Links to Paper and Supplementary Materials

Main Paper (Open Access Version): https://papers.miccai.org/miccai-2025/paper/3296_paper.pdf

SharedIt Link: Not yet available

SpringerLink (DOI): Not yet available

Supplementary Material: https://papers.miccai.org/miccai-2025/supp/3296_supp.zip

Link to the Code Repository

https://github.com/sebodiaz/cross-population-pose

Link to the Dataset(s)

N/A

BibTex

@InProceedings{DiaSeb_Robust_MICCAI2025,
        author = { Diaz, Sebastian and Billot, Benjamin and Dey, Neel and Zhang, Molin and Abaci Turk, Esra and Grant, P. Ellen and Golland, Polina and Adalsteinsson, Elfar},
        title = { { Robust Fetal Pose Estimation across Gestational Ages via Cross-Population Augmentation } },
        booktitle = {proceedings of Medical Image Computing and Computer Assisted Intervention -- MICCAI 2025},
        year = {2025},
        publisher = {Springer Nature Switzerland},
        volume = {LNCS 15966},
        month = {September},
        page = {550 -- 560}
}


Reviews

Review #1

  • Please describe the contribution of the paper

    This paper presents a data augmentation framework aimed at improving the generalization of pose estimation models in fetal MRI scans to younger gestational ages using training data annotated only from older GA cohorts. The authors introduce a fetal-specific augmentation strategy that simulates smaller fetal anatomy.

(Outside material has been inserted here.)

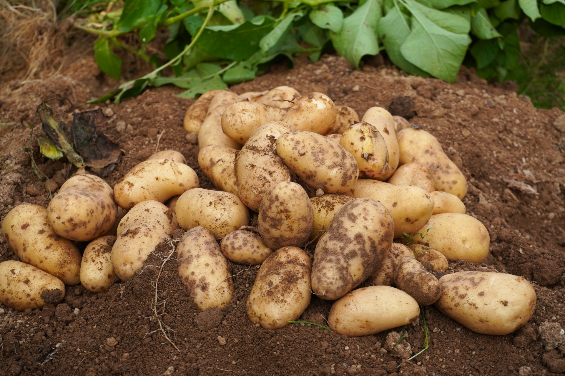 植え付けからしばらくすると、土の表面にじゃがいもの芽が顔を出します。 この段階ではまだ芽を触らず、生育の様子を見守ります。
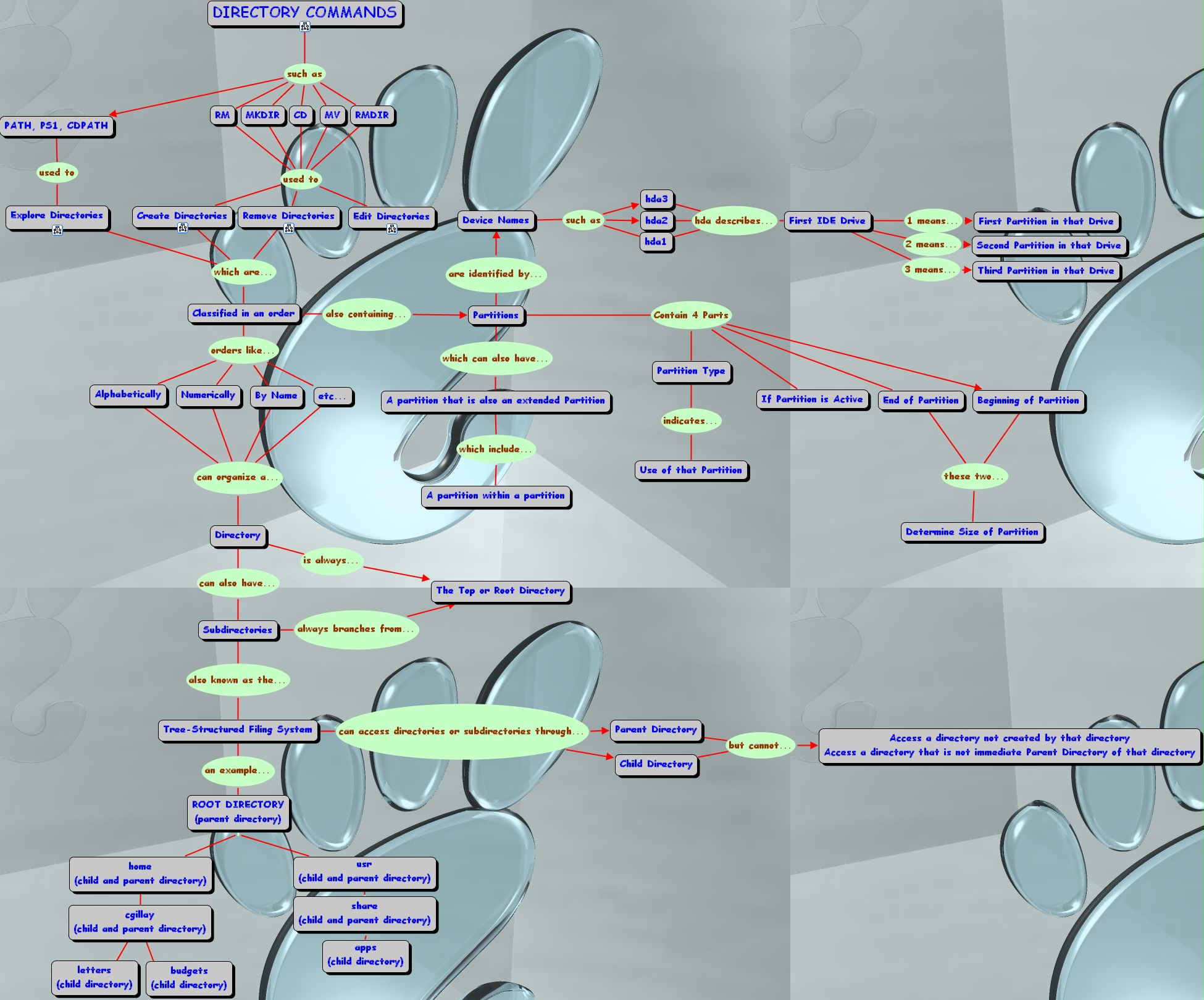 etc... can organize a... Directory, Parent Directory but cannot... Access a directory not created by that directory Access a directory that is not immediate Parent Directory of that directory, ROOT DIRECTORY (parent directory) usr (child and parent directory), ROOT DIRECTORY (parent directory) home (child and parent directory), Tree-Structured Filing System can access directories or subdirectories through... Child Directory, Tree-Structured Filing System can access directories or subdirectories through... Parent Directory, Numerically can organize a... Directory, By Name can organize a... Directory, End of Partition these two... Determine Size of Partition, RM used to Edit Directories, RM used to Create Directories, RM used to Remove Directories, Subdirectories also known as the... Tree-Structured Filing System, Partitions Contain 4 Parts End of Partition, Partitions Contain 4 Parts Beginning of Partition, Partitions Contain 4 Parts If Partition is Active, Partitions Contain 4 Parts Partition Type, Remove Directories which are... Classified in an order, Device Names such as hda1, Device Names such as hda3, Device Names such as hda2, hda3 hda describes... First IDE Drive, Create Directories which are... Classified in an order, Partitions which can also have... A partition that is also an extended Partition, Beginning of Partition these two... Determine Size of Partition, Classified in an order also containing... Partitions, share (child and parent directory) apps (child directory), hda1 hda describes... First IDE Drive, Partitions are identified by... Device Names, Explore Directories which are... Classified in an order, A partition that is also an extended Partition which include... A partition within a partition, Partition Type indicates... Use of that Partition, Tree-Structured Filing System an example... ROOT DIRECTORY (parent directory), First IDE Drive 1 means... First Partition in that Drive, Directory is always... The Top or Root Directory, Subdirectories always branches from... The Top or Root Directory, RMDIR used to Edit Directories, RMDIR used to Create Directories, RMDIR used to Remove Directories, MV used to Edit Directories, MV used to Create Directories, MV used to Remove Directories, cgillay (child and parent directory) budgets (child directory), cgillay (child and parent directory) letters (child directory), DIRECTORY COMMANDS such as MKDIR, DIRECTORY COMMANDS such as PATH, PS1, CDPATH, DIRECTORY COMMANDS such as RMDIR, DIRECTORY COMMANDS such as CD, DIRECTORY COMMANDS such as MV, DIRECTORY COMMANDS such as RM, hda2 hda describes... First IDE Drive, CD used to Edit Directories, CD used to Create Directories, CD used to Remove Directories, Classified in an order orders like... Numerically, Classified in an order orders like... etc..., Classified in an order orders like... By Name, Classified in an order orders like... Alphabetically, Child Directory but cannot... Access a directory not created by that directory Access a directory that is not immediate Parent Directory of that directory, usr (child and parent directory) share (child and parent directory), PATH, PS1, CDPATH used to Explore Directories, MKDIR used to Edit Directories, MKDIR used to Create Directories, MKDIR used to Remove Directories, First IDE Drive 3 means... Third Partition in that Drive, First IDE Drive 2 means... Second Partition in that Drive, home (child and parent directory) cgillay (child and parent directory), Directory can also have... Subdirectories, Alphabetically can organize a... Directory

  • Please list the major strengths of the paper: you should highlight a novel formulation, an original way to use data, demonstration of clinical feasibility, a novel application, a particularly strong evaluation, or anything else that is a strong aspect of this work. Please provide details, for instance, if a method is novel, explain what aspect is novel and why this is interesting.
    • The paper is well written and clearly structured, with a well-motivated problem. The authors effectively communicate the clinical and technical relevance of improving pose estimation models for younger gestational ages.
    • The experimental setup is thoughtfully designed. The use of a research dataset for training and validation, combined with an additional and independent test set consisting of younger GA fetuses, provides a strong basis to assess the generalization capabilities of the proposed method.
    • The authors present clear and well-organized figures and analyses, including performance breakdowns across different gestational ages and landmark groups
  • Please list the major weaknesses of the paper. Please provide details: for instance, if you state that a formulation, way of using data, demonstration of clinical feasibility, or application is not novel, then you must provide specific references to prior work.
    • The inpainting strategy used by the authors is relatively simplistic: removing one fetus from an image and inserting it into another. While this method appears to be effective in the context of their study, more sophisticated inpainting techniques exist that could generate more anatomically realistic and coherent images. The authors should discuss this.
    • While the reviewer agrees that scaling down the fetus can simulate aspects of the intrauterine environment typical of younger gestational ages, fetal size is not the only distinguishing factor. Morphological and anatomical features differ significantly between early and late gestation. The proposed method does not address such morphological variability, which may limit the realism of the augmentation strategy. The authors should at least discuss the possibility of inpainting fetuses of younger GA datasets in images with older GA.
    • The authors claim to simulate fetal poses characteristic of earlier gestational ages. However, since the augmented data is derived solely from inpainted images using older GA subjects, it is unclear how the model is exposed to the natural pose variations of younger fetuses. Younger fetuses typically exhibit a greater range of movement due to a larger intrauterine space relative to their body size. The authors should clarify how such pose diversity is achieved, or justify why their current strategy is sufficient to approximate it.
    • It is not clearly explained whether the performance gains observed against the baseline are due to the augmentation strategy or other architectural differences in the network. The authors compare their method to the baseline, but do not present results from their own network without augmentation. Are the baseline and proposed networks similar enough for the authors to argue that the differences are only due to the augmentation?
  • Please rate the clarity and organization of this paper

    Good

  • Please comment on the reproducibility of the paper. Please be aware that providing code and data is a plus, but not a requirement for acceptance.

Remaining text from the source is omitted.